:: Data supplied ::
------------------------------------------------
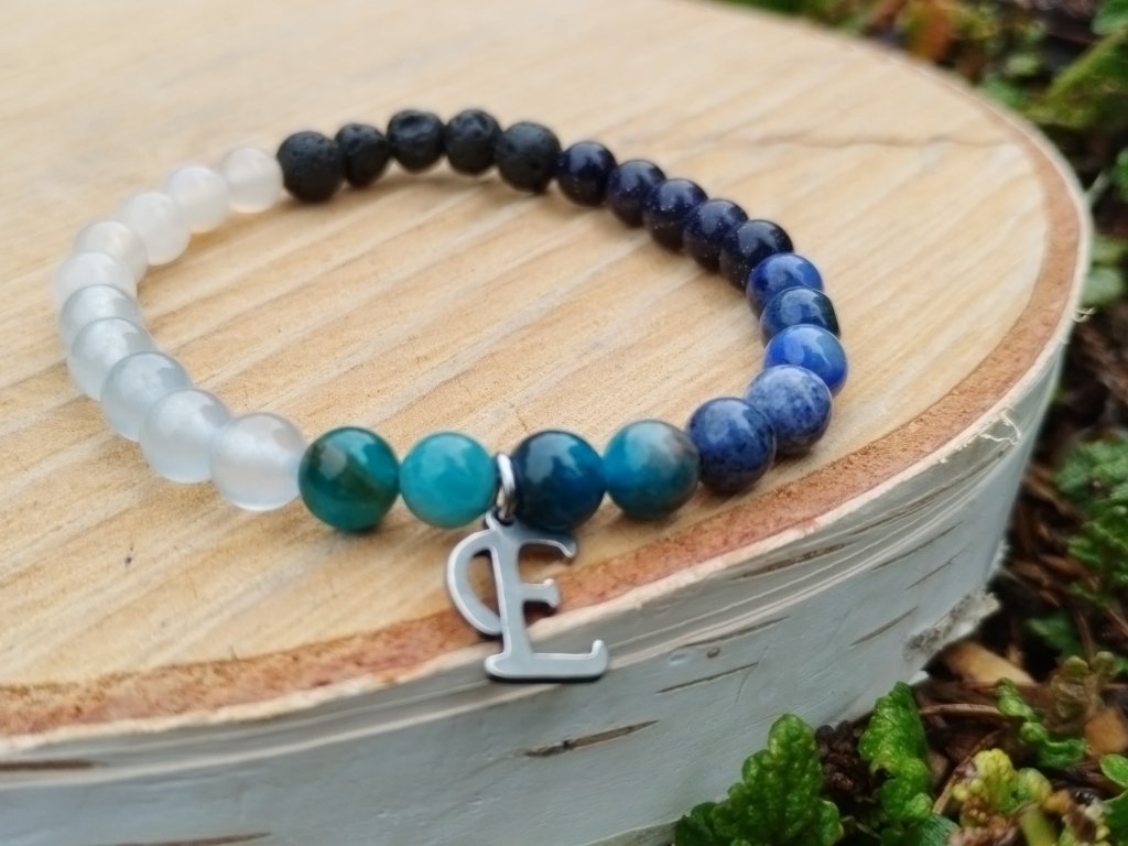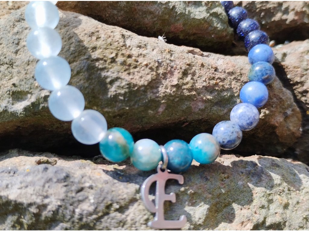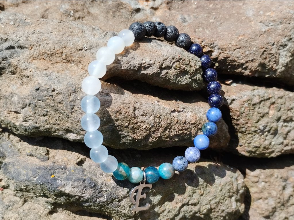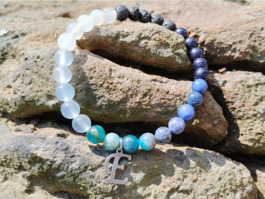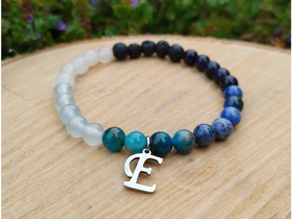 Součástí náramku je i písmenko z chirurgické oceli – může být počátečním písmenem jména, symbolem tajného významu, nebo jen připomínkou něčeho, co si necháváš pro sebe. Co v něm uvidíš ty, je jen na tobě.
------------------------------------------------
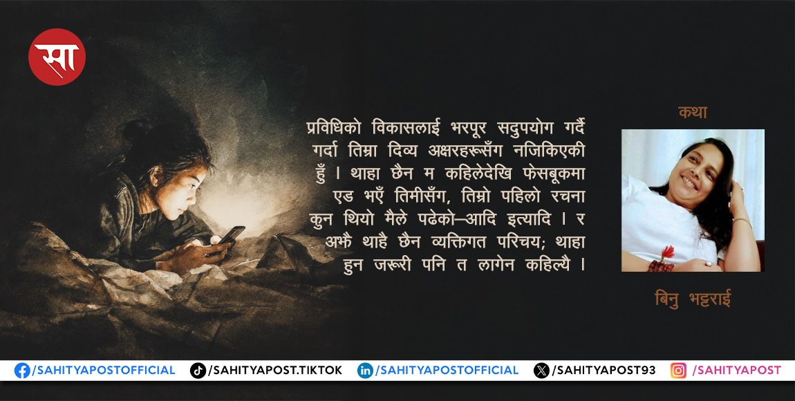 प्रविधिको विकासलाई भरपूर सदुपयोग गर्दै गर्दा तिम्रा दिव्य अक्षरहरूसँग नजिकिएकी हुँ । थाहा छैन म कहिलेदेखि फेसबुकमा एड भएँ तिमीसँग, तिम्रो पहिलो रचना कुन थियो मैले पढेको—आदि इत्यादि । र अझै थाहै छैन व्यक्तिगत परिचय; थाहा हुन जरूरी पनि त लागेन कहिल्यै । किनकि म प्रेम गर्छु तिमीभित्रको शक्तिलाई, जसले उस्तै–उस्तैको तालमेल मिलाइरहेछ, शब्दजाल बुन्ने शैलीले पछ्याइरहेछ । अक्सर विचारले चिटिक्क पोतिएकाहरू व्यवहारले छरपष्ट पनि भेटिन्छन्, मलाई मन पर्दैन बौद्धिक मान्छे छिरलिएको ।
------------------------------------------------
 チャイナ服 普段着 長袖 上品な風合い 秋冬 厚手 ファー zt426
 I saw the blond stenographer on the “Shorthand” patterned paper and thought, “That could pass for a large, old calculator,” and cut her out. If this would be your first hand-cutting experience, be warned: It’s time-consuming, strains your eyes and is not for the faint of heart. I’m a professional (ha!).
------------------------------------------------
:: Task goal ::
Taking the entries above, write out exactly each line from the one holding "チャイナ服 普段着 長袖 上品な風合い 秋冬 厚手 ファー zt426" to the one holding "I saw the blond", both included, and stop there.

:: Answer for this exercise ::
 チャイナ服 普段着 長袖 上品な風合い 秋冬 厚手 ファー zt426
 I saw the blond stenographer on the “Shorthand” patterned paper and thought, “That could pass for a large, old calculator,” and cut her out. If this would be your first hand-cutting experience, be warned: It’s time-consuming, strains your eyes and is not for the faint of heart. I’m a professional (ha!).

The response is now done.